Rethinking Biofilms in Chronic Wound Care: Complexity, Misconceptions, and Clinical Pearls from SAWC Spring 2025
In a thought-provoking and myth-busting session at the Symposium on Advanced Wound Care (SAWC) Spring | Wound Healing Society (WHS) meeting, Lindsay Kalan, PhD, Associate Professor at the Infectious Disease Institute, McMaster University, challenged longstanding assumptions about biofilms in chronic wounds. Titled “Biofilms: What's True, What's Not”, the presentation provided an evidence-based reexamination of how clinicians should view, detect, and manage biofilms in clinical practice.
Biofilms: Not What We Think
Dr Kalan opened by urging clinicians to rethink their mental image of biofilms, which are often depicted as structured, mushroom-like colonies based on lab-grown Pseudomonas aeruginosa in petri dishes. “A petri dish is not human skin, it is not tissue, it is not in the environment,” she emphasized. In the real-world wound environment, biofilms are far less defined, highly heterogeneous, and frequently polymicrobial.
Are All Chronic Wounds Biofilm-Rich?
One of the most consequential takeaways from Dr Kalan’s research is that while nearly all chronic wounds are colonized by microbes, not all contain visible or structurally consistent biofilms. “Only 30% of the samples we analyzed actually had visible microbial aggregates,” she said, referring to detailed microscopy and molecular analyses of slough and wound tissue. Yet, bioburden remained universally high across samples, highlighting the inadequacy of current detection methods.
Debunking the Slough Myth
Clinicians often associate slough with biofilms, but Dr Kalan decisively debunked the notion that slough is predominantly composed of biofilm. “It’s a myth based on the evidence we currently have,” she stated. Her lab’s findings demonstrated that slough is highly variable and often contains complex material beyond microbial content, making visual assessment unreliable for diagnosing biofilm presence or predicting wound healing outcomes.
Mixed-Species Infections: A Complicating Factor
Kalan emphasized that microbial diversity in wounds adds further complexity. Mixed-species infections elicit different immune responses compared to single-species infections. In a striking example, human neutrophils exhibited increased cell death when exposed to co-cultures of Candida albicans and Citrobacter freundii versus either organism alone. “Their immune cells are reacting differently to the mixed species,” she explained, implying that this could contribute to the chronic inflammation often observed in nonhealing wounds.

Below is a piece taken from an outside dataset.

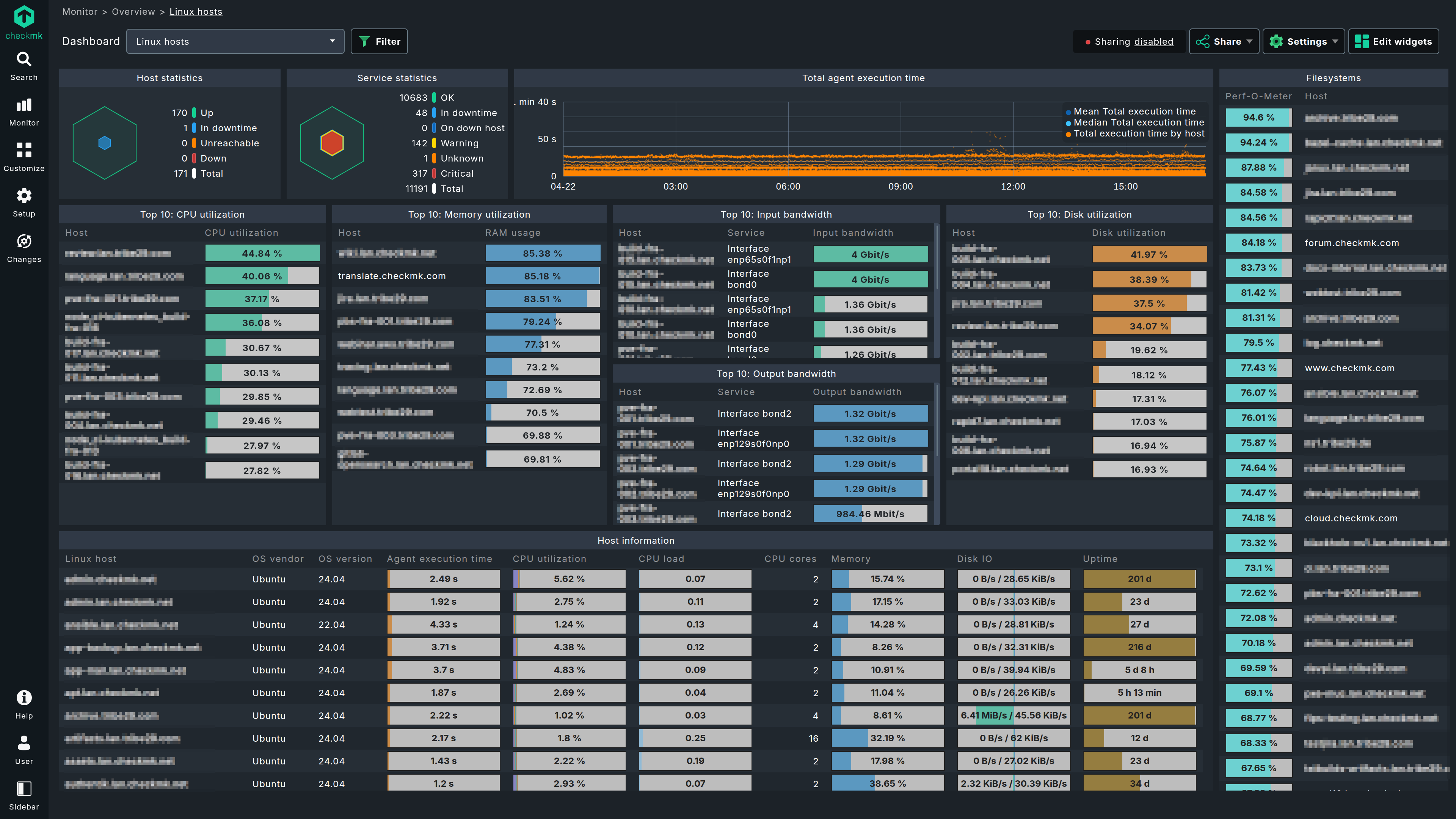 La piattaforma è altamente automatizzata, con funzionalità di scoperta dei servizi e configurazione basata su regole per ridurre l'impostazione manuale. Si scala in modo efficiente per monitorare migliaia di host e milioni di servizi. Un'interfaccia centrale basata sul web consente agli utenti di gestire la configurazione, visualizzare i dati con dashboard personalizzabili e monitorare le prestazioni del sistema nel tempo. Checkmk può essere distribuito in modo flessibile, venendo come pacchetto per Linux, macchina virtuale per qualsiasi sistema operativo, immagine sui marketplace AWS e Azure, o come appliance fisica.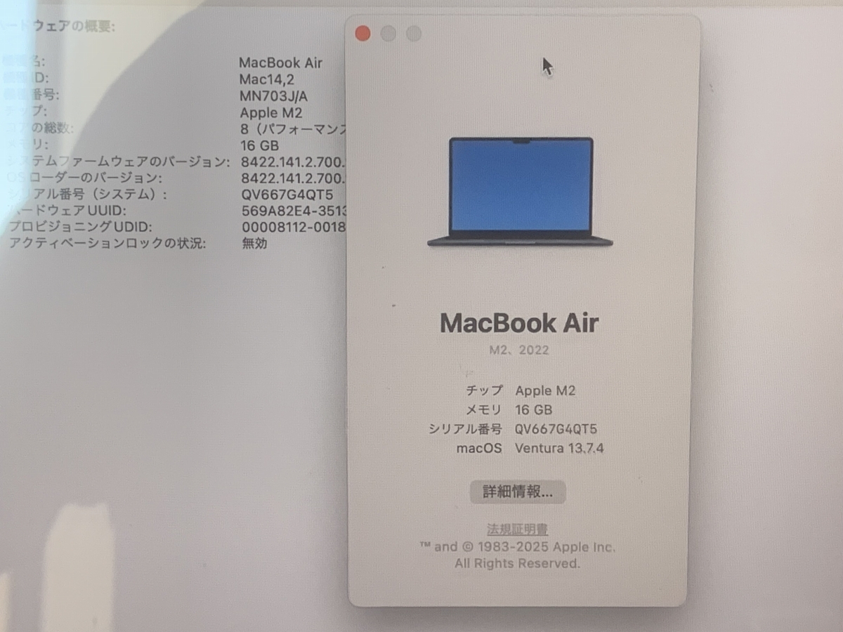 OSシステム :  Ventura 13.7.4/Windows 11 Pro

Hidden Reservoirs and Recolonization
In ex vivo human skin models, Kalan’s team discovered that Pseudomonas bacteria could burrow deep into wound tissue, effectively evading topical antiseptics and recolonizing the wound surface after cleaning. “This is now a reservoir for them to reseed the wound bed once it's cleaned,” she warned, underscoring the limitations of conventional cleansing and debridement strategies.

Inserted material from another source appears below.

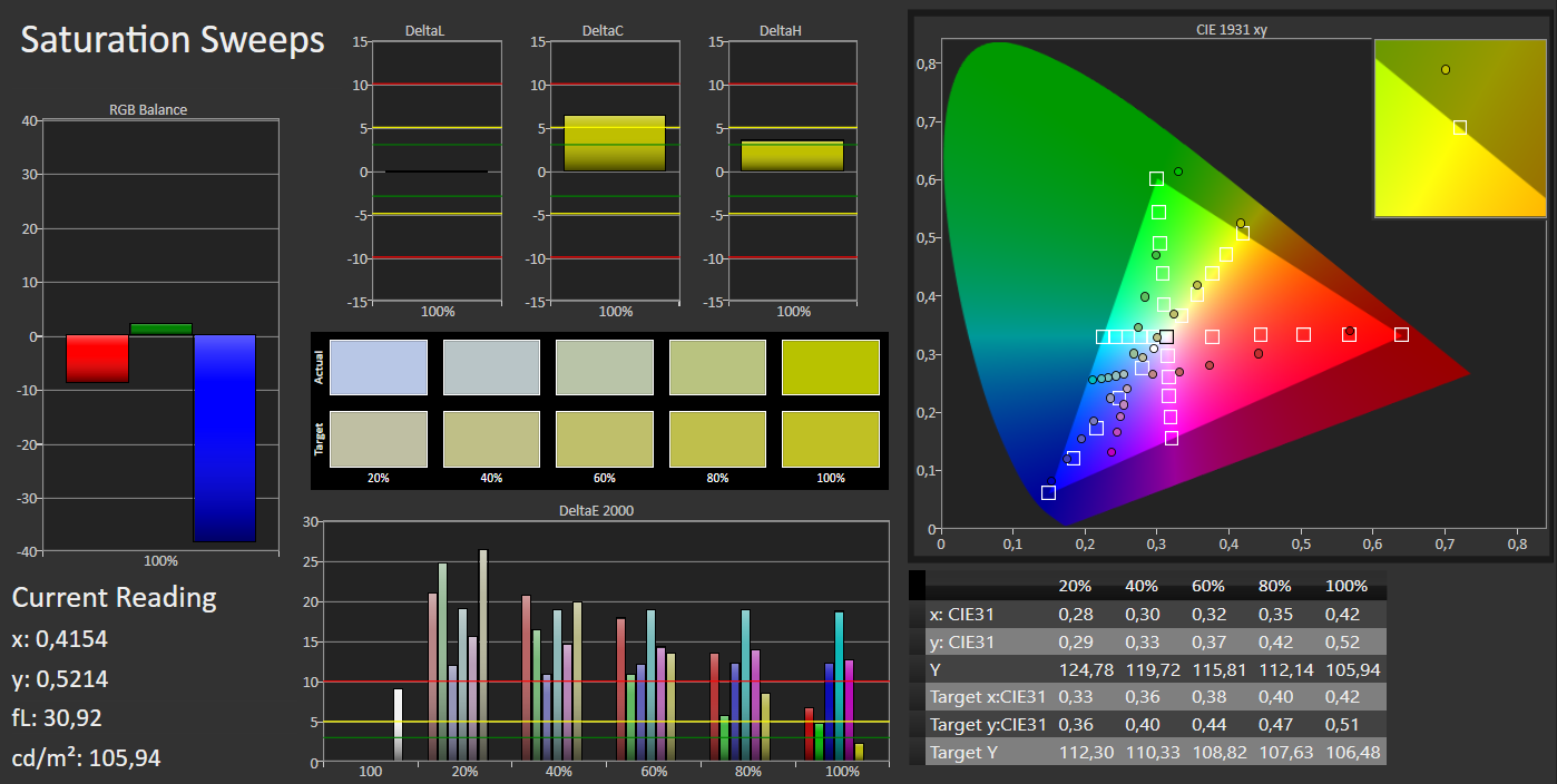 ΔE ColorChecker Calman: 14.36 | ∀{0.5-29.43 Ø4.78}

Clinical Pearls for Practice
In closing, Dr Kalan offered 3 pivotal insights for wound care clinicians:
- Wounds are highly polymicrobial, regardless of healing status.
- Bioburden alone is not predictive of healing; microbial interactions and microenvironmental conditions must be considered.

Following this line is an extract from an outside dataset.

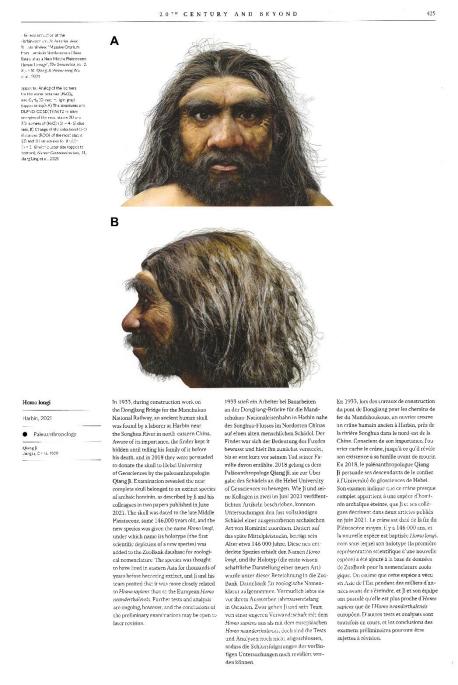龙人:1933年,在为满洲国国立铁路局建造东江大桥施工期间,一名劳工在中国东北哈尔滨松花江畔发现了一件古人类头骨化石。意识到它的重要性,发现者就把它藏了起来,直到死前才将它告诉了他的家人。2018年,古人类学家季强说服其家人将头骨化石捐赠给了bat365正版唯一官网。正如季强和他的同事在2021年6月发表的两篇论文中描述的那样,检测结果表明这件近乎完整的头骨化石属于古人类一个已经灭绝的物种。这件头骨的年代可以追溯到中更新世,年龄大约为14.6万年。这个新人种被命名为龙人(Homolongi)。根据动物学命名法规,赋予其名称的正型标本(第一次对新物种进行科学描述的标本)已被添加到ZooBank数据库中。季强和他的研究团队认为,这个物种在其绝灭之前已经在东亚地区生活了数千年,而且其与智人(Homosapiens)的关系要比与欧洲尼安德特人(Homoneanderthalensis)的关系更亲近。进一步的测试和分析正在进行中,不过初步研究的结论也许还有待以后加以修订。

- Biofilms are difficult to detect, and their absence by microscopy does not imply clinical irrelevance.
“This doesn’t mean we abandon good wound bed preparation,” she concluded. “But we must acknowledge that not everything is as we think. There’s still a lot we need to learn.”
Dr Kalan’s session called for a paradigm shift in biofilm research and clinical management, urging a more nuanced and evidence-based approach to wound microbiology.